Von Henryk M. Broder

Unser öffentliches und unser privates Leben wird so stark eingeschränkt wie noch nie in der Geschichte der Bundesrepublik Deutschland. Die Lage ist bitterernst.“ Das Infektionsgeschehen drohe, „außer Kontrolle“ zu geraten, deswegen kämen wir „an einschneidenden Maßnahmen“ nicht vorbei. „Unsere bisherigen Anstrengungen im Kampf gegen die Pandemie reichen nicht aus, wir müssen noch konsequenter handeln… Jeder und Jede muss sich fragen, was kann ich zusätzlich tun, um mich und andere zu schützen und vor allem die zu schützen, die besonders gefährdet sind?“

Fest steht: „Wir werden Weihnachten und Neujahr anders feiern, als wir gehofft hatten. Die kommenden Wochen werden für viele Menschen eine belastende Zeit sein… Wir sind jedoch dem Virus nicht schicksalhaft ausgeliefert. Wir wissen, was zu tun ist. Feiern lassen sich nachholen und über Geschenke freuen sich Freunde und Verwandte auch später noch.“ Jetzt komme es darauf an, die Gesundheit zu erhalten und Menschenleben zu retten. Deswegen müssten wir in den nächsten Wochen unsere Kontakte und Begegnungen radikal begrenzen.
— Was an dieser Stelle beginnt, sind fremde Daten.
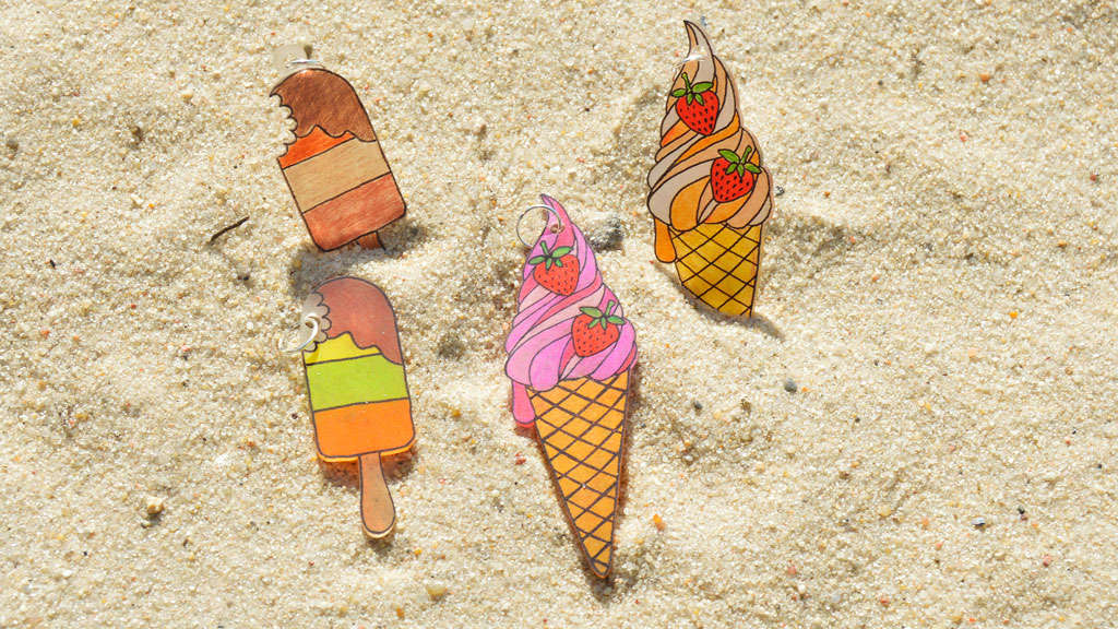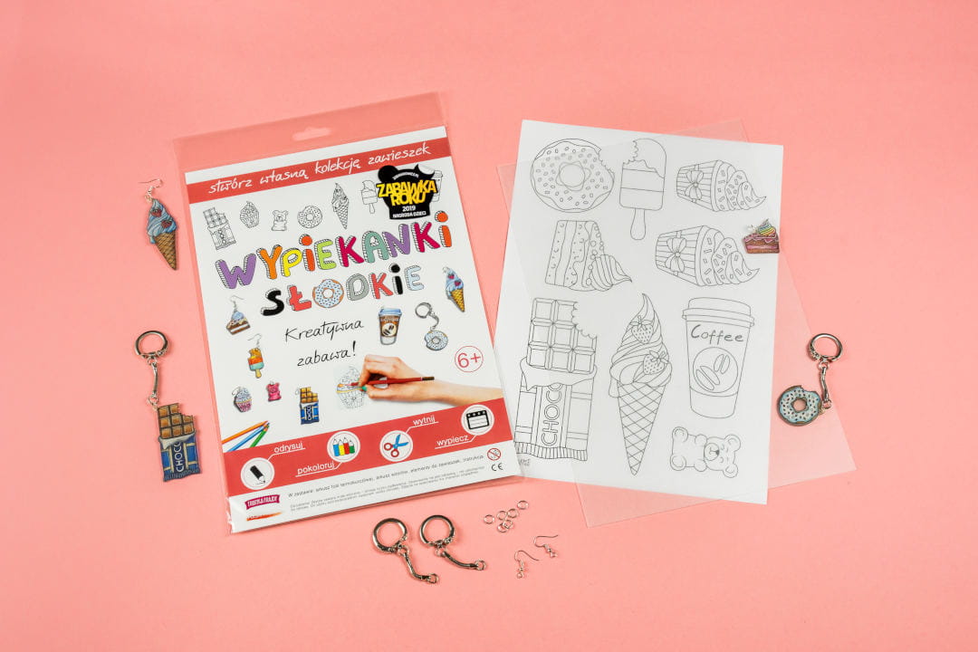 Odrysuj na specjalnej folii szablony dołączone do zestawów, pokoloruj, wytnij je, a na koniec wypiecz przez kilka minut w domowym piekarniku w temp. 160 o C.

„Die Verantwortung, die wir jetzt zeigen, die Lasten, die wir jetzt und noch eine Zeit tragen werden, die sind nicht vergeblich, sie bringen uns dem Ende der Pandemie näher… Die kommenden Wochen sind eine Prüfung für uns alle… Wir alle sind in den letzten Monaten einen weiten Weg gegangen, gehen wir ihn gemeinsam und in Rücksicht aufeinander weiter und zu Ende.“

Anleihen bei Wilhelm II, Kennedy, Adenauer und Strauß

Er sei sich ganz sicher, so der Bundespräsident am Ende seiner sechs Minuten langen Rede an das Volk/die Bevölkerung, „die Pandemie wird uns die Zukunft nicht rauben, wir werden diese Krise überwinden, das muss gelingen und das wird gelingen“.
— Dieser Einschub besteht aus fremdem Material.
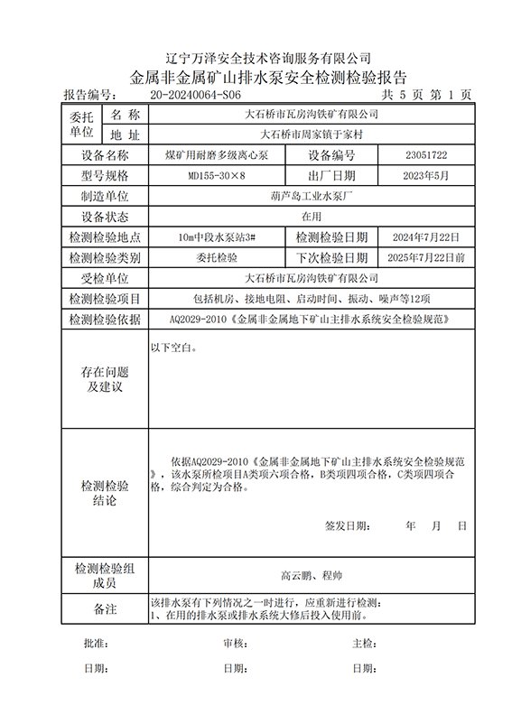| 受检单位 | 20-20240064大石桥市瓦房沟铁矿有限公司 | |

Dass ich diese Rede so ausführlich zitiere, hat zwei Gründe. Erstens enthält sie stilistische Anleihen aus den Reden anderer Majestäten, Präsidenten und Politiker. Mal klingt Steinmeier wie Wilhelm II („Ich kenne keine Parteien mehr, ich kenne nur noch Deutsche!“) mal wie Kennedy („Frage nicht, was dein Land für dich tun kann – frage, was du für dein Land tun kannst!“), mal wie Adenauer („Die Lage war noch nie so ernst…“), mal wie Franz Josef Strauß: „Ich sage nicht, wir werden siegen, weil wir siegen müssen, aber ich sage, wir können siegen, wenn wir siegen wollen, und wir werden siegen, weil wir siegen wollen!“

Auch Steinmeier ist ein Meister der redundanten Logik; hält er eine Rede, rechne ich jeden Moment damit, dass er „die Basis ist die Grundlage des Fundaments“ sagt und dabei ein Gesicht macht, als habe er eben den Zusammenhang zwischen der speziellen und der allgemeinen Relativitätstheorie begriffen. Zweitens verhebt er sich maßlos, wenn er z.B. sagt, die folgenden Wochen würden „eine Prüfung für uns alle“ werden. So reden Erweckungsprediger, wenn sie ihre Gemeinden daran erinnern, wie Gott Abraham „prüfen“ wollte, als er ihm befahl, seinen Sohn Isaak zu töten, als Beweis unbedingten Gehorsams gegenüber dem Allmächtigen. 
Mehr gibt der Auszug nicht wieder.